At the University of Pittsburgh Division of Endocrinology, investigators in the laboratory of Michael Jurczak, PhD, are investigating the patho-genesis of NAFLD, and more specifically, the role of mitophagy in NAFLD, as well as other diseases.13,14 Dr. Jurczak, in collaboration with clinical endocrinology fellow Ramya Undamatla, MD, are currently testing the hypothesis that reduced hepatic mitophagy is a specific feature of NAFLD that marks the transition from benign steatosis to NASH. While previous work in this area demonstrated that reduced mitophagy is associated with NAFL, these will be some of the first studies to determine the cause and effect relationship of liver fat content and changes in mitophagy flux. These studies are made possible in part by the recent development of genetic tools for monitoring rates of mitophagy in preclinical animal models12 and directly modulating rates of mitophagy in the liver. If this hypothesis is confirmed, enhancing mitochondrial quality control by augmenting mitophagy in the liver could represent a novel target for NAFLD treatment. This new mode of therapy could conceivably complement current strategies undergoing testing in clinical trials that include targeting metabolic stress, inflammation and cell death, and fibrosis,9 each of which touch upon distinct aspects of mitochondrial function and signaling. This research is but one of many research projects addressing metabolic/fatty liver disease being conducted in the Division of Endocrinology and Metabolism at the University of Pittsburgh.15–19

Nonalcoholic Fatty Liver Disease at UPMC

With the expanding epidemic of NAFLD and other complications of obesity, it is more necessary than ever to promote multidisciplinary collaborative approaches to understanding and treating metabolic liver disease. To achieve this goal, the Division of Endocrinology at the University of Pittsburgh contributes to both clinical and basic research efforts in this area. The Divisions of Endocrinology and Gastro-enterology, Hepatology and Nutrition have a multidisciplinary NAFLD clinic, led by Maja Stefanovic-Racic, MD, and Jaideep Behari, MD, respectively.

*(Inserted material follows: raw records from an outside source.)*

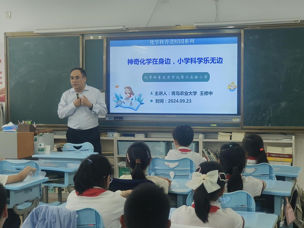 为贯彻落实习近平总书记的重要指示精神,将科学普及与科技创新并重,2024年9月23日,太阳成集团tyc234cc的王修中老师率队走进青岛市市北区第二实验小学,开展了一场别开生面的化学科普进课堂活动。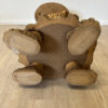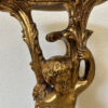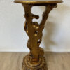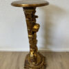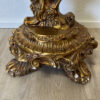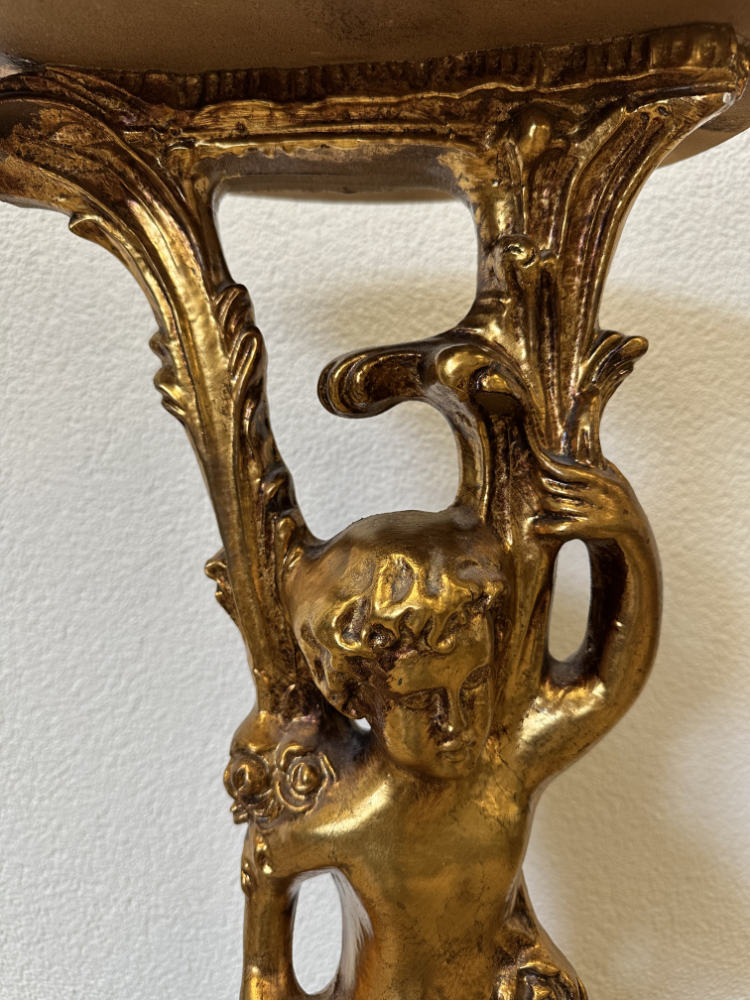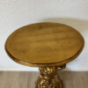 Reich gearbeiteter Beistelltisch in skulpturaler Ausführung mit zentraler Putto-Figur, die die runde Tischplatte trägt. Die Darstellung zeigt einen kindlichen Putto in dynamischer Haltung, umgeben von rocaillenartigen Schwüngen, floralen Details und ornamentaler Basis. Vollständig aus Holz gearbeitet, mit goldfarbener Fassung, die die plastische Tiefe und die handwerkliche Ausarbeitung betont. Sockel mit vier ausgeformten Standfüssen und umlaufender Profilierung. Die Tischplatte ist rund, leicht überstehend und ebenfalls gefasst. Ein dekoratives Objekt aus der Zeit des Historismus, gedacht als Akzentmöbel für repräsentative Räume.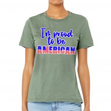 Use our battle tested marketing materials for Proud to Be American Women's T-Shirt - Patriotic T-Shirt - USA Flag Relaxed Tee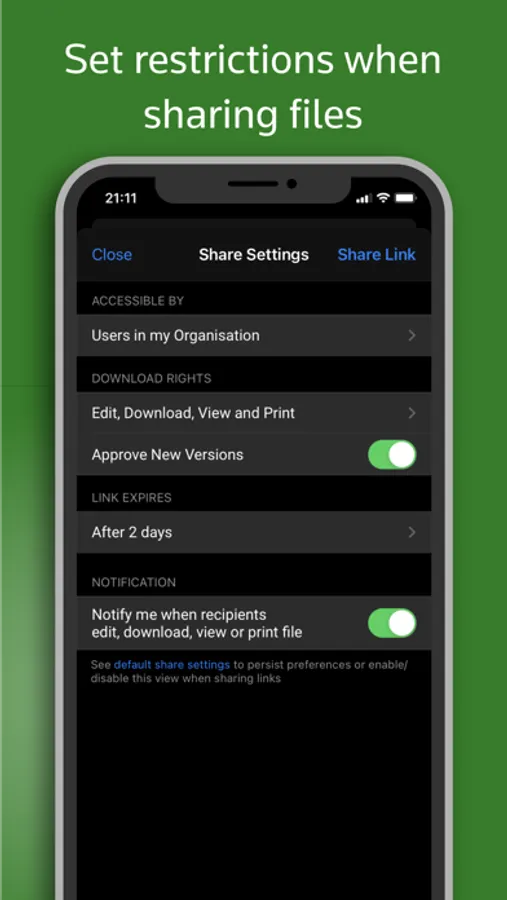 • Share secure links to files and apply recipient restrictions, including passwords and expiry dates.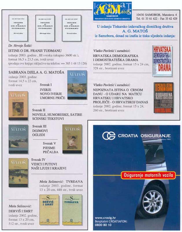Tiskara "A. G. Matoš", d. d. 10430 Samobor, Matoševa 4, tel. (01) 37-61-622; faks (01) 33-62-429 agmatos@zg.t-com.hr

This clinic provides comprehensive expertise in hepatology, as well as endocrinology, diabetes, metabolism, nutrition, lipidology, and obesity. In addition to the above clinical collaboration, the Pittsburgh Liver Research Center (PLRC) ( promotes collaboration between clinicians and researchers to improve the clinical care of patients with liver disease through innovative research into the fundamental mechanisms underlying these disorders. Led by Paul Monga, MD, from the Department of Pathology, and Ramon Bataller, MD, PhD, from the Division of Gastroenterology, Hepatology and Nutrition, the PLRC provides pilot grant funding to support innovative new projects related to liver disease, including the above-described project being conducted in Dr. Jurczak’s laboratory. Together, these activities provide a rich environment for research, education, and clinical care to address NAFLD and other metabolic disorders.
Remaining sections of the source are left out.